One student’s observations about the “French” and “Canadian” ways of discussing
Have you ever heard the phrase “the British are too polite to be honest and the Germans are too honest to be polite?” I really get a kick out of cultural stereotypes. Not the nasty ones that pigeon-hole people into a category to exclude or ostracise them. Quite the opposite. I enjoy cultural stereotypes that bring us together by showing us there are patterns in human behaviour and many of us are creatures of habit. These cultural habits provide some humour to the process of being human and give us something to relate to each other with. Unless those generalities don’t work well together—then there can be trouble.
All that just to ask, which culture doesn’t like to chat? I know that, growing up in rural Manitoba, the kitchen table is the centre of discussion in the home, and as a Française, my partner will agree. But that’s where our similarities on the topic end. I often get the impression that I don’t “discuss” the way she expects me to, and my partner’s method of discussion is one that invariably leads to a fight. So, I am wondering about the whole process of discussion because I’m sure most of us enjoy sitting with friends and gossiping about work or even the banal observations from the day. This is what makes us people; this is what we do, and this is how we exchange our thoughts and ideas. But I’ve noticed I may be going about it wrong. So, what does this have to do with how people exchange ideas? I think it depends who you ask.
As someone from the countryside, this is how I discuss: I make a statement of observation within a group of friends, and it’s either accepted without much pause or it is received in silence. Obviously, the former is the most desired outcome, and this essentially means your observation was met with no real opposition and requires no further discussion. The latter means it was not agreed with, but the other participants feel no need to take it any further nor create a big stink over it. Nice and neat. It doesn’t require the barrage of questioning and scrutinizing that my partner expects from her listeners. Perhaps this is why I get corralled into being called passive or even naïve.
From my observations, this is the “French way” of discussing: Propose an idea and let it be subjected to a hammering of questions and critiques by all within earshot, whether they’re at the table, standing nearby, or even just walking past the café where the “discussion” is taking place.

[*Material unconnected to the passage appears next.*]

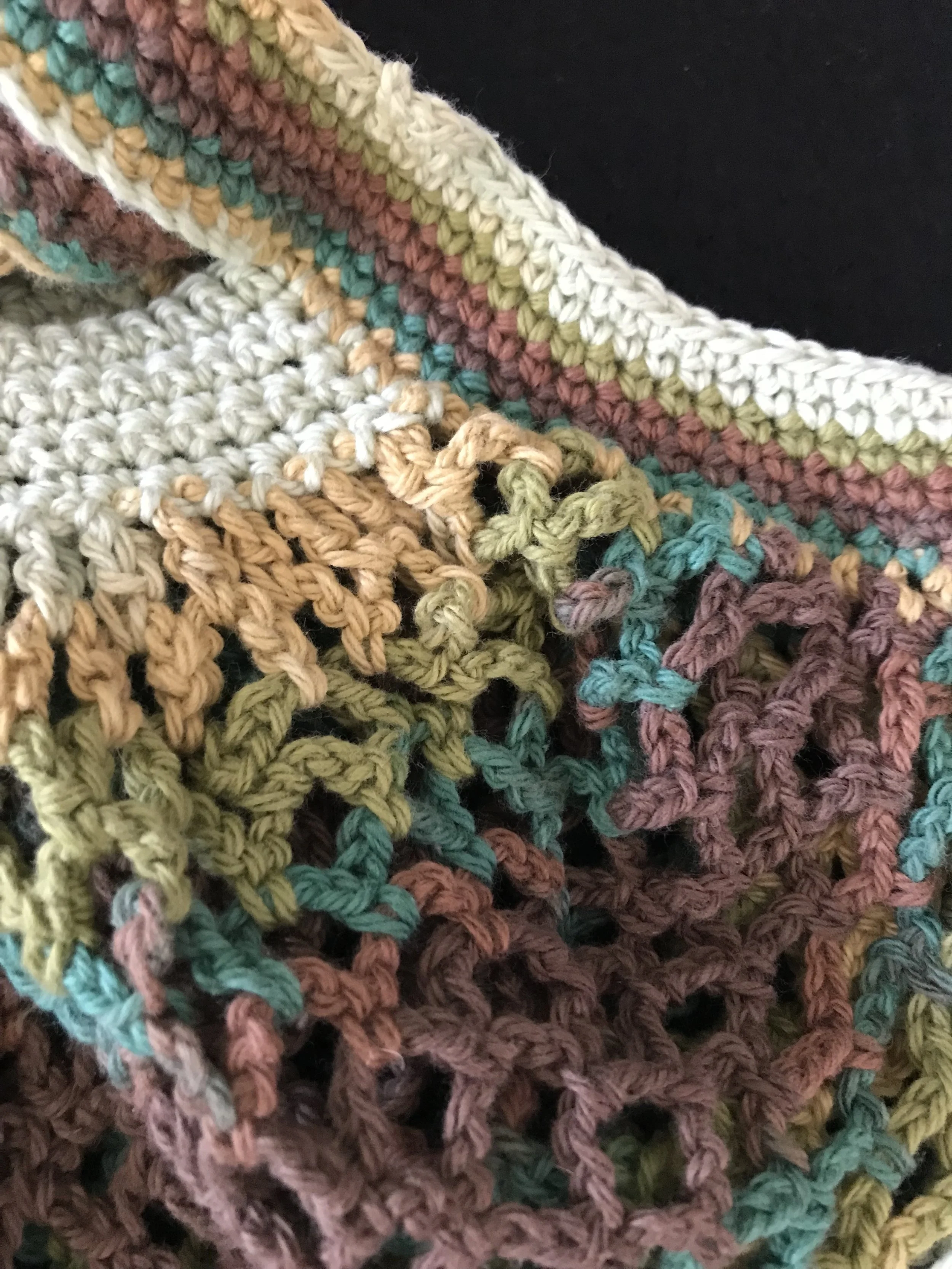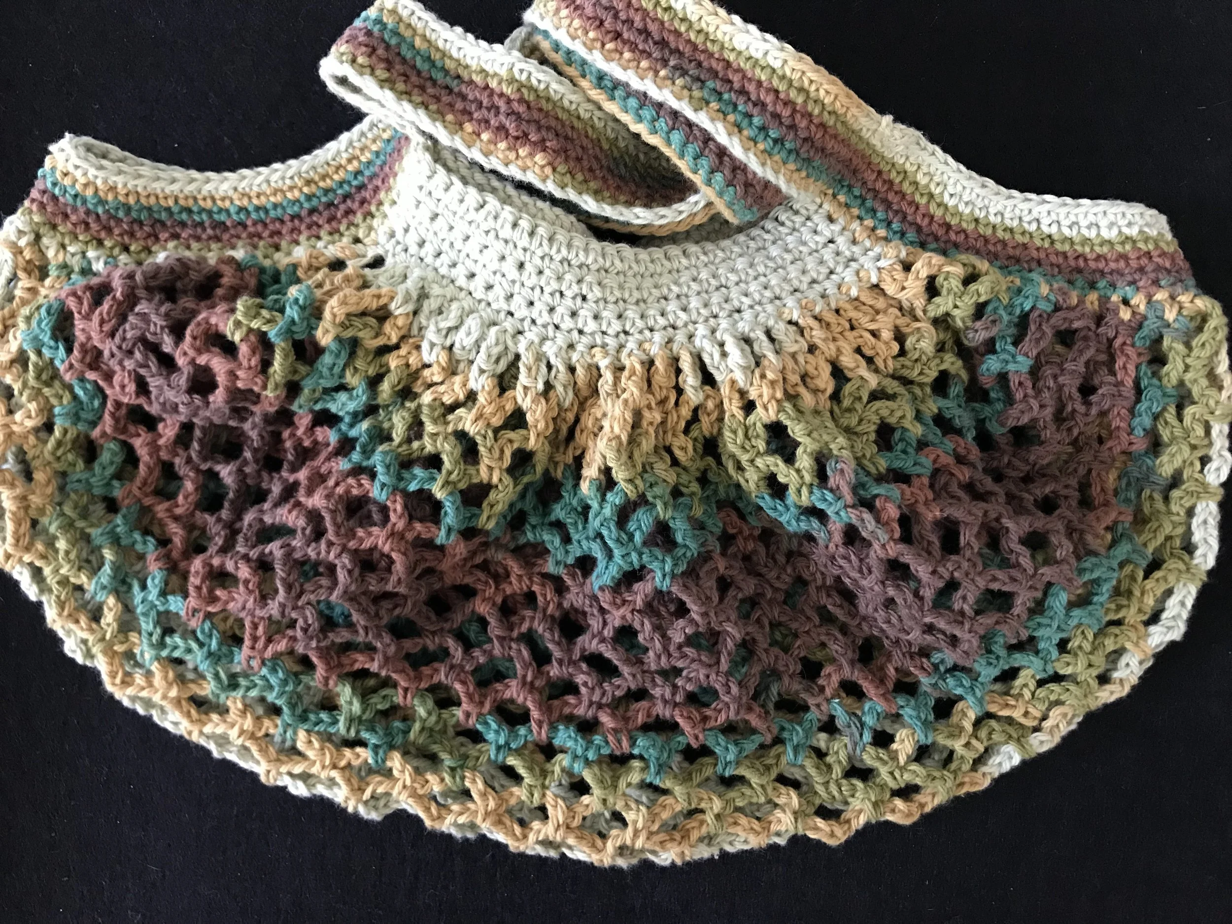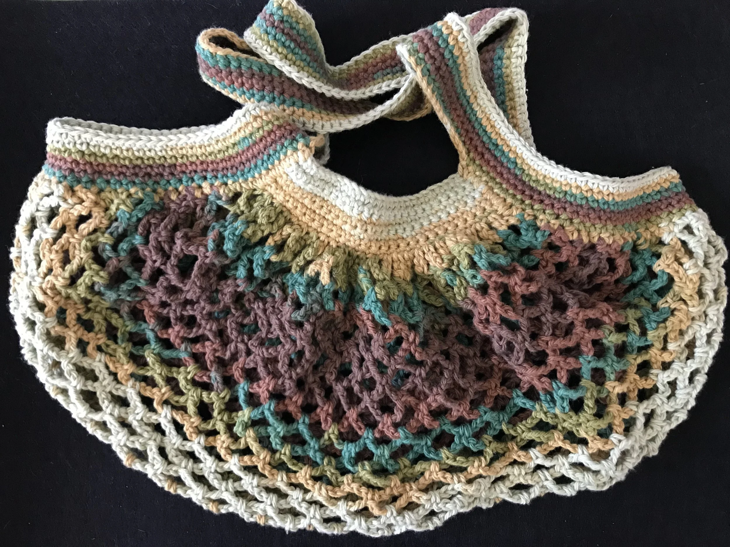 Mesh market bag made from 100% cotton from the brand Abby Road. This bag may look small by the mesh stretches slightly to allow you to carry quite a few items! Great for fruit and vegetables or use it as a hand bag. Hand made by me with love and care
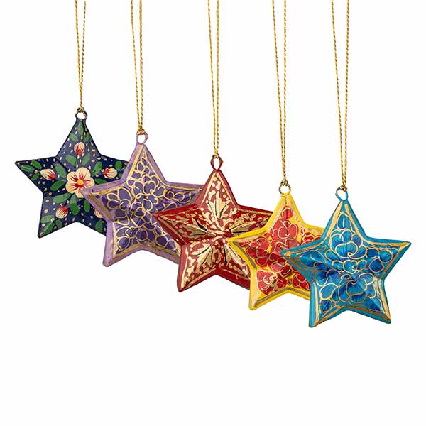 Für einen Hauch von 1001 Nacht im heimischen Wohnzimmer. Die Sterne aus Pappmaché sind handbemalt in bunten Farben und vielfältigen Blumenmustern. Sie werden vom kleinen Familienbetrieb Jalaluddin in der Region Kaschmir in Nordindien hergestellt. Toll für den Weihnachtsbaum, aber auch eine zauberhafte Deko für den Rest vom Jahr, zum Beispiel im Fenster.

The end goal being that, even if your observational statement is not true, it has survived countless rounds of interrogation, and you can rest easily knowing you have convinced everyone involved that this is just one perspective of many available to the situation.
Despite my way of discussing and hers, I cannot help but be attracted to those with strong opinions who challenge every goddamn thing I say. As much as it pisses me off, I respect that. I respect people who balk at a theory and take things to task to see just who’s who and what’s what. I love her very much but, even after nearly seven years of “discussing” with her, my Canadian-ness still struggles to adapt.
At the same time, I know that Canadians are not innocent, and we have our assumptions. We are just as guilty of possessing our own silly stereotypes about others. And for that, I’d like to apologize.